Your assignment is to implement the Schelling model exactly as described in the in-class project using zeros and ones to indicate the two types of elements. As with Schelling's original paper, you will play twice through the entire list, moving each element in a row (possibly moving a given element multiple times if it goes to the right). Print out the state of the list at each step so that you can see how the solution evolves.

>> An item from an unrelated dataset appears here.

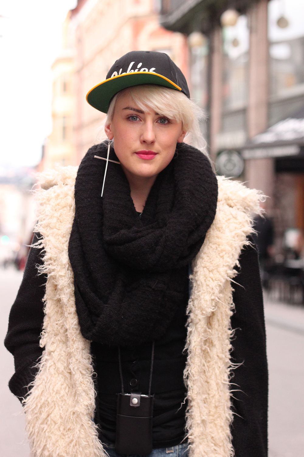 Hedda wears coat by H&M, trousers by Forever 21, boots by Monki, bag by Wera, hat by Forever 21 and Ray Ban sunglasses
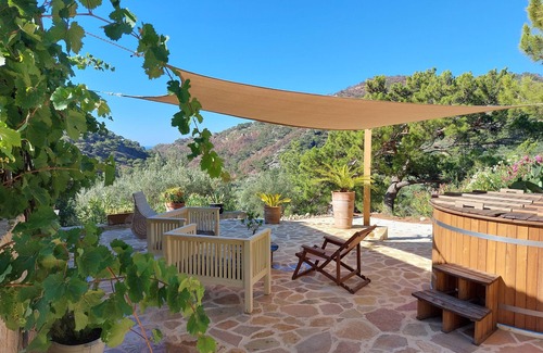Sur notre domaine nous louons une maison en pierre avec une belle vue sur la vallée verdoyante et la mer.

Break up your code into functions whenever possible, and add comments to each function and to the rest of the code to make sure that we know what's going on!


In [ ]:
# put your code here

Section 2: Wrapping up our twitter analysis

In this part of the homework, we're going to extend our analysis of the tweets of the presidential candidates (well, by the time you're actually coding this up, the president-to-be and their defeated opponent). We're going to do a few things:

  1. Clean the data more comprehensively.
  2. Examine the candidates' tweeting styles in a more in-depth fashion.
  3. See how often the candidates refer to each other, and when they do refer to each other, is it positive, negative, or neutral?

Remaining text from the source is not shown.